As palavras de padre Alexandre me fizeram lembrar o livro que relata a história de São Lucas: Médico de Homens e de Almas, da escritora Taylor Caldwell.
São Lucas, um dos mais importantes ícones da igreja cristã é apresentado na Bíblia, como um grande médico, bem instruído e de coração generoso, em constante preocupação com o sofrimento dos enfermos, dos oprimidos e dos pobres. São Lucas sempre inspirou pessoas que se dedicam a cuidar do outro: enfermeiros, médicos, cuidadores e religiosos. Arrisca-se a dizer que a história de São Lucas retrata a história da peregrinação de todos os homens através do desespero, do sofrimento, da angústia, da dúvida e da desesperança e se culmina com a compreensão de Deus e do eterno.
MT
Dizemos que Deus vive, eterno e perfeito, e que a vida contínua e eterna é de Deus, pois Deus é a vida eterna.
(ARISTÓTELES)
Momentos de dor
(Padre Alexandre 03/2020)
Antes de iniciar a missão como capelão de um hospital, fiz meu “pré-operatório” com o Médico dos médicos em encontros especiais com Ele. Para que o Senhor limpasse meus medos internos e me ensinasse a consolar. Não é fácil entrar naqueles corredores silenciosos e inquietos, cheios de expectativas, a cada momento os aparelhos revelando diagnósticos. “Silêncio” – dizem os cartazes. Nem é preciso pedir. Em um hospital todo mundo fala baixo porque ali são os corações que conversam uns com os outros.

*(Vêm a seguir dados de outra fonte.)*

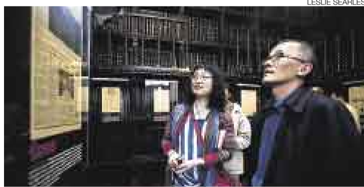
BIENVENIDOS. Personal de Zhejiang Daily Press Group en nuestra sede.
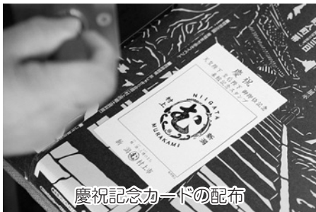
慶祝記念カードの配布
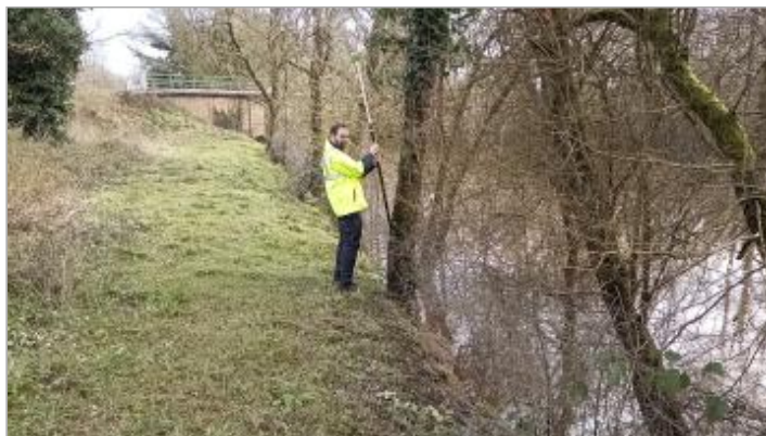
Parc entre l'Isac et le canal de Nantes à Brest le 05/02/2025
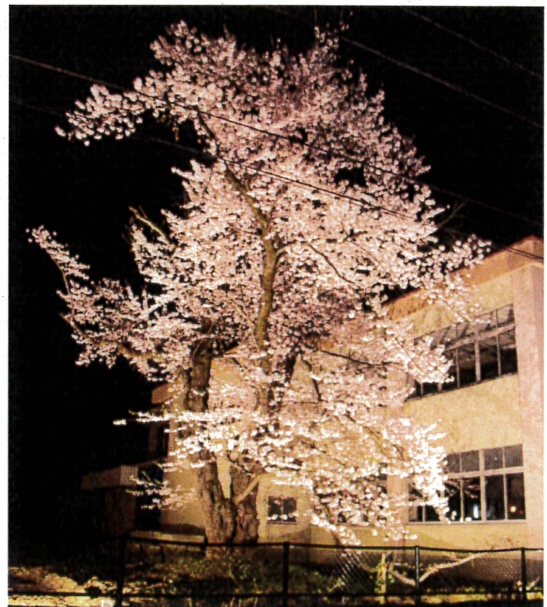
講堂跡地に咲く桜は樹齢80年。

4月12日から22日まで、西側道路沿いの桜を校舎と一緒にライトアップしました。満開の時期は大迫力。とても美しく夜空に浮かび上がりました。
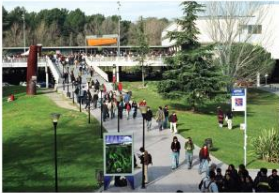
Un campus internacional saludable i sostenible
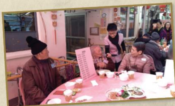
院友朗誦多首耳熟能詳的廣東打油詩，勾起彼此的共同回憶。
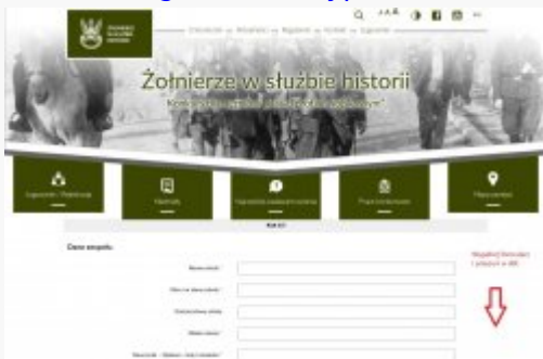
5. Dane szkoły, opiekuna i zespołu
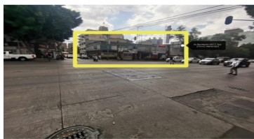
FACHADA CON DOS FRENTES DE 19MTS. SOBRE AV. REVOLUCIÓN Y CALLE 10.
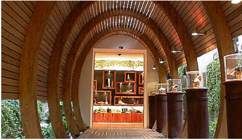
Diesel Flagship Store Milano
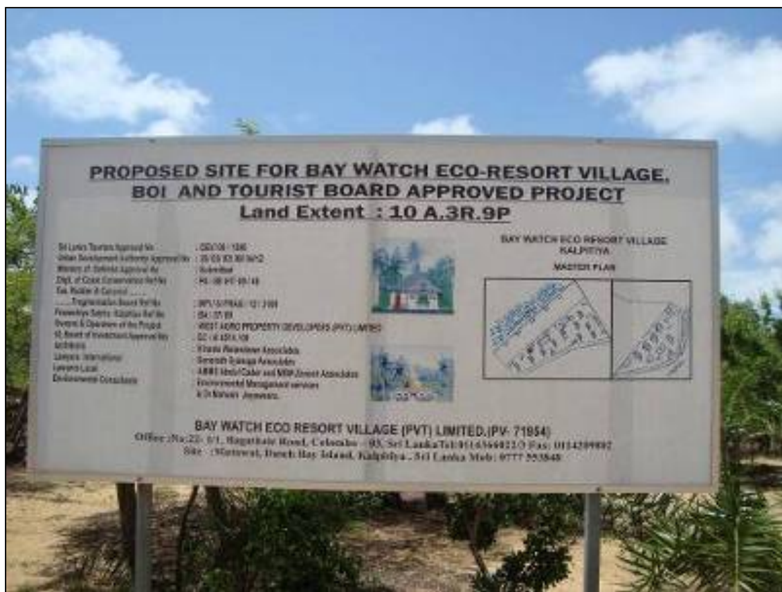
Acaparamiento fraudulento de tierras por el estado con vistas a la construcción de un eco complejo sobre la banda costera - Sri Lanka 2011
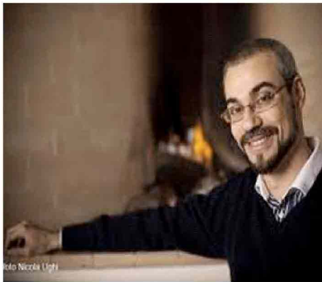
di Antonio Prudeniano

Eu já estava acostumado a lidar (e escutar) com as dores e alegrias da alma, agora teria pela frente as dores do corpo, que também fala. Como levar a palavra do Evangelho, a Boa Nova de Cristo, em um lugar de tantos contrastes? Precisei refletir no deserto do silêncio, meditar e me capacitar para a função, aprender que o adoecimento e o sofrimento acontecem na integralidade da pessoa. Estar preparado para a escuta dos medos e angústias do doente. Fiquei 20 anos, indo uma vez por semana, às vezes mais.

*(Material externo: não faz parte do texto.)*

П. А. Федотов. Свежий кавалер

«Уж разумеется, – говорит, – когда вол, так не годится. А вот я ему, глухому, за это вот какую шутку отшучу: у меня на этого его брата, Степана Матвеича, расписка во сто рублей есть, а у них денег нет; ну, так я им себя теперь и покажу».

Trabalhar em um hospital é enfrentar a realidade nua e crua. Ali não há máscaras, disfarces, estilos. Não há crentes, nem ateus, nem santos. O sofrimento torna a todos iguais, embora cada quarto tenha sua história, cada leito um destino. Alguém que acaba de ganhar alta e alguém que recebe um diagnóstico difícil. Gente apressada, que só pensa em sair dali, e pacientes dóceis, que se submetem ao tratamento sem questionamentos. Crianças no fim da existência e idosos tentando viver um pouco mais.

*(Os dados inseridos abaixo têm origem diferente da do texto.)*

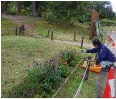
園内の環境整備 花壇の植栽作業
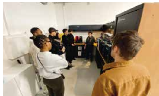
Découverte d'un logiciel et d'une imprimante 3D.
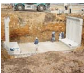
側壁部材を設置する。
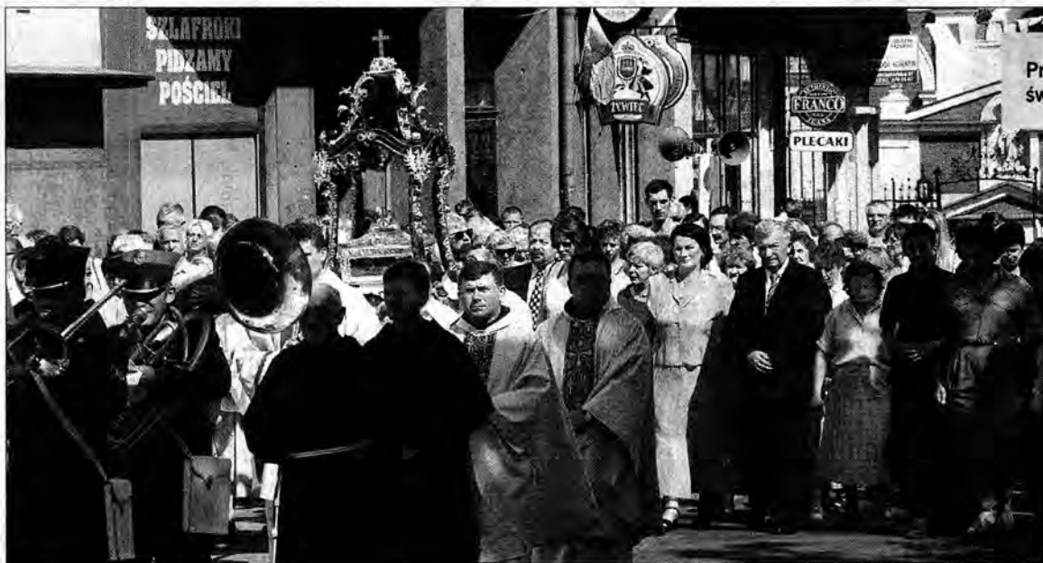
Procesja ulicami miasta z relikwiami św. Wincentego.

W latach 1655 – 1660 Polska przeżywała tragiczny okres „potopu”, czyli najazdu obcych wojsk. W lutym od południa w granice Polski wkroczył sojusznik Szwedów, książę siedmiogrodzki Grzegorz II Rakoczy. Jego wojska podeszły pod Przemyśl, ale po otrzymaniu znacznego okupu pozostawiły gród w spokoju. W tym czasie wojska Rakoczego zostały odcięte od zaopatrzenia. Dowódca, upatrując w tym udział przemyslan, wydał rozkaz generałowi Janowi Kemeny, by ten udał się do Przemyśla, zajął miasto, wyciął w pień wszystkich mężczyzn i zabrał tyle dobra, ile zdo-
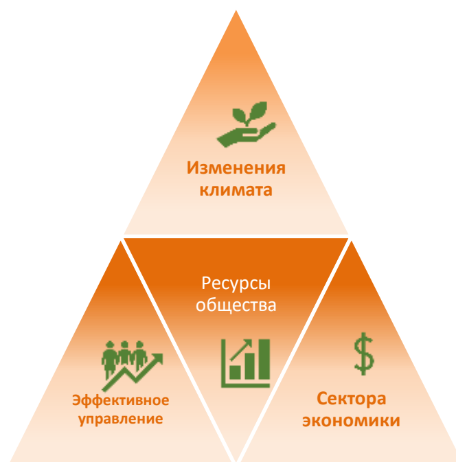
1-рисунок. Значение «зеленых» навыков. Разработка автора

Следует отметить, что понимание «зеленых навыков» не ограничивается узким экологическим контекстом. Эти навыки рассматриваются в более широкой перспективе, как ключевые компетенции, необходимые трудовым ресурсам в различных секторах экономики и на всех уровнях. Суть заключается в том, чтобы помочь адаптироваться к изменению климата, подстраиваясь под новые экологические требования к продукции, услугам и процессам (1-рисунок)..
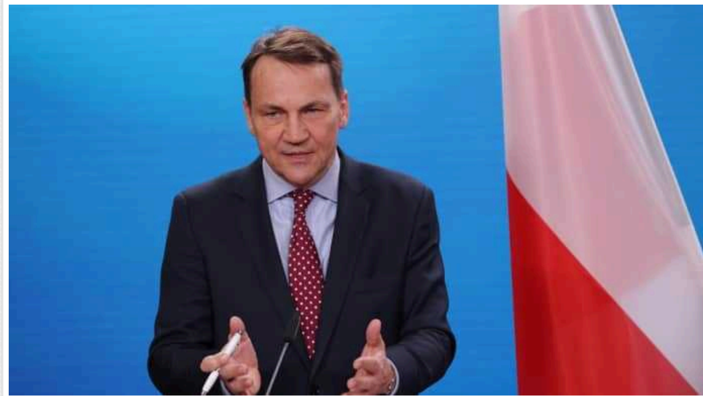
Сікорський заявив, що Польща зобов'язана збивати російські ракети над Україною

Польща та інші країни, що межують з Україною, зобов'язані збивати ракети та дрони РФ, які наближаються до їхньої території. Це потрібно робити ще до того, як ворожі цілі увійдуть у повітряний простір сусідніх з Україною країн.
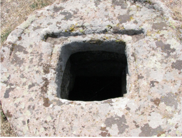
Resim 8: Mahalaç, sarnıç kapađı
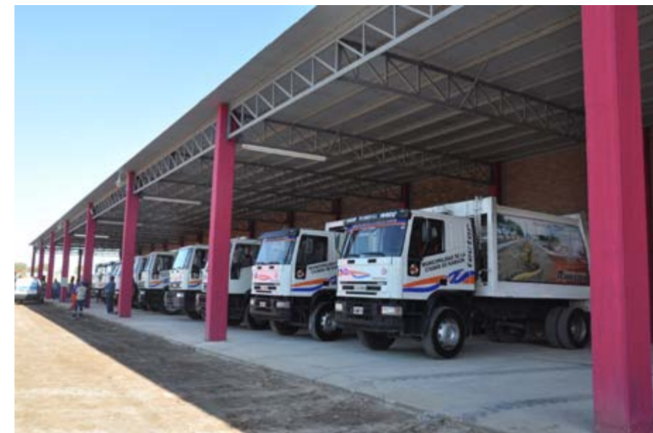
GALPON PARA MAQUINAS PESADAS Y CAMIONES

EL VICEGOBERNADOR SERGIO UCÑAC Y EL INTENDENTE DE RAWSON, JUAN CARLOS GIOJA, JUNTO A AUTORIDADES PROVINCIALES Y DEPARTAMENTALES DEJARON INAUGURADA LA PRIMER ETAPA DEL OBRADOR MUNICIPAL "LOS CILINDROS", EN EL PREDIO DONDE HABITABAN FAMILIAS DE UN ASENTAMIENTO PRECARIO, VILLA LOS CILINDROS, QUE FUERA REUBICADO EN EL MARCO DEL PROGRAMA DE ERRADICACIÓN DE VILLAS DEL GOBIERNO DE SAN JUAN.
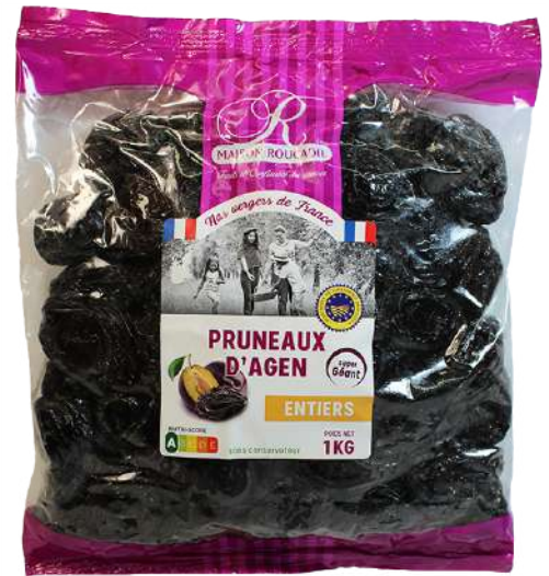
2 750g & 1kg
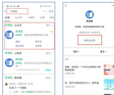
图 1 关注“雨课堂”
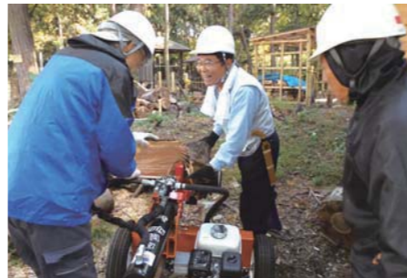
市から借りている薪割り機で間伐材を薪に

美原のグリーントリム公園やそれに続く羽加美緑地は羽村市と住民の協働事業としてきれいに整備され、市民に活用されています。そこには、ふるさとを愛する「美原里山保存会」の活動が欠かせないと言いき、お話を伺いました。(11月30日取材)
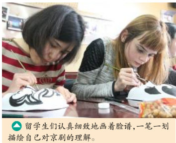
留学生们认真细致地画着脸谱,一笔一划描绘自己对京剧的理解。
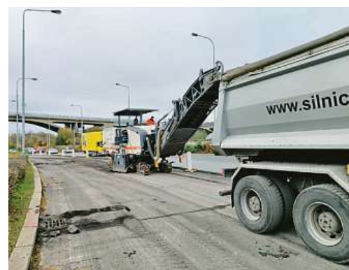
Opravy Modřanské budou pokračovat i v roce 2020
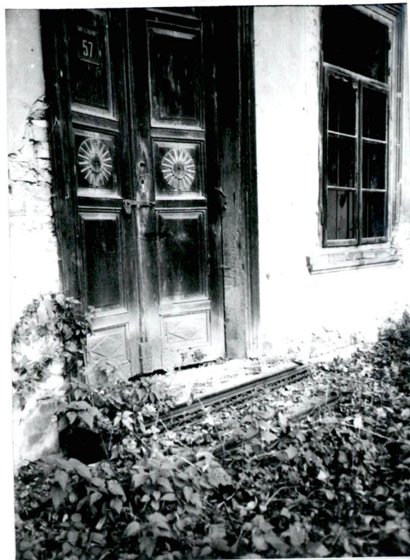
Ryzalit fasady /fragment/ Drzwi wejściowe poprzedzone żeliwnymi schodkami.
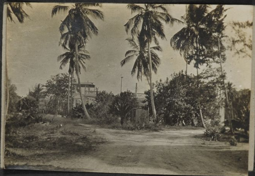
Palais du Gouverneur E. A. A. Démoli par les navires Anglais
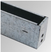
Cód. producto: BUREBO1272
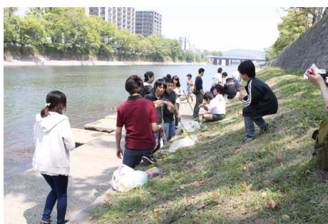
ペットボトルロケット
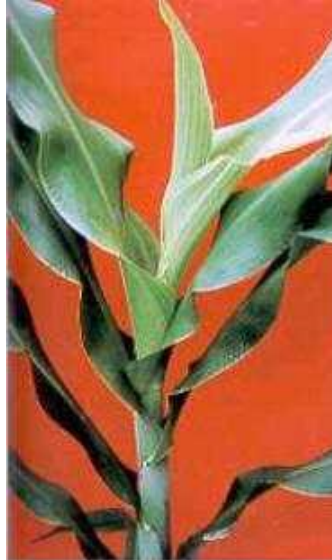
Figura 9. Sintomas de deficiência de cobre.

Clorose internerval em toda a extensão da lâmina foliar, permanecendo verdes apenas as nervuras (reticulado finas de nervuras) (Figura 10) - Ferro
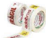
Composição, uso e informações adicionais na pág. 15
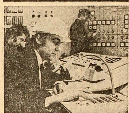
La termocentrala Rogojelu, în sala de comandă
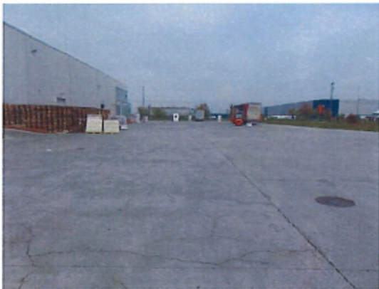
Constructii speciale: platforma betonata si imprejmuiri

Acompanhei muitos momentos de luto, situações delicadíssimas. E fui percebendo que as pessoas não têm medo de morrer, mas de sofrer. São as horas de dores, os longos tratamentos, a necessidade de estar ligado a um aparelho, sem movimentos, os causadores das grandes aflições, tanto do paciente quanto dos familiares. A mesma doença que provoca as mesmas dores tem reações diferentes. O capelão precisa ter palavras e sensibilidade para cuidar de todas as feridas.
Logo vi que a missão estaria baseada em três verbos, cujas ações deveriam ser exercidas, na medida do possível, à perfeição. Consolar poderia vir em primeiro lugar, como a função que se espera de um capelão, principalmente em um país com uma população composta na maioria por confessantes de alguma fé. No Antigo Testamento Deus consolava seu povo. Salmos, Isaías, Jó, Jeremias são livros cheios de palavras da consolação divina. No Novo Testamento, Jesus consolava as multidões e os discípulos, as irmãs Marta e Maria. O capelão consola com o carinho, a atenção especial, uma palavra que os mensageiros do Alto inspiram.
O segundo verbo é escutar. Alguém fica sabendo que há um sacerdote ali e logo pede para dar uma chegada lá também. Pessoas o identificam no elevador, nos corredores, às vezes nem católicos são, mas querem uma palavra, um carinho. A dimensão subjetiva e religiosa tem um peso enorme no ambiente hospitalar. A presença de um religioso em um quarto condenado pela doença pode iluminar como a radiosa luz da manhã. Parece que o eterno os veio visitar e que há esperança ainda. Palavras vãs são totalmente dispensáveis. É hora de escutar o outro, a dor do outro.
As confissões mais lindas, mais profundas, mais verdadeiras, eu as ouvi no hospital. O paciente já perdeu tudo, até a dignidade física, com o corpo sendo virado para lá e para cá, tratamentos invasivos, então o doente se abre, fala sem censura. O que é passageiro está acabando, a terra ficando mais longe, o céu se aproximando. Tudo pode acabar dali a pouco.
Também faz parte da missão enxugar as lágrimas. Do paciente, dos familiares, dos médicos, enfermeiros, do pessoal da limpeza. Certa vez uma faxineira me procurou fragilizada falando que seu trabalho não tinha valor. Ela se assustou quando respondi que a função dela também salvava vidas. “Se você não fizer a assepsia do local de maneira correta, podem surgir germes, vírus perigosos que contaminam e matam”. Em um hospital existe dor em qualquer lugar.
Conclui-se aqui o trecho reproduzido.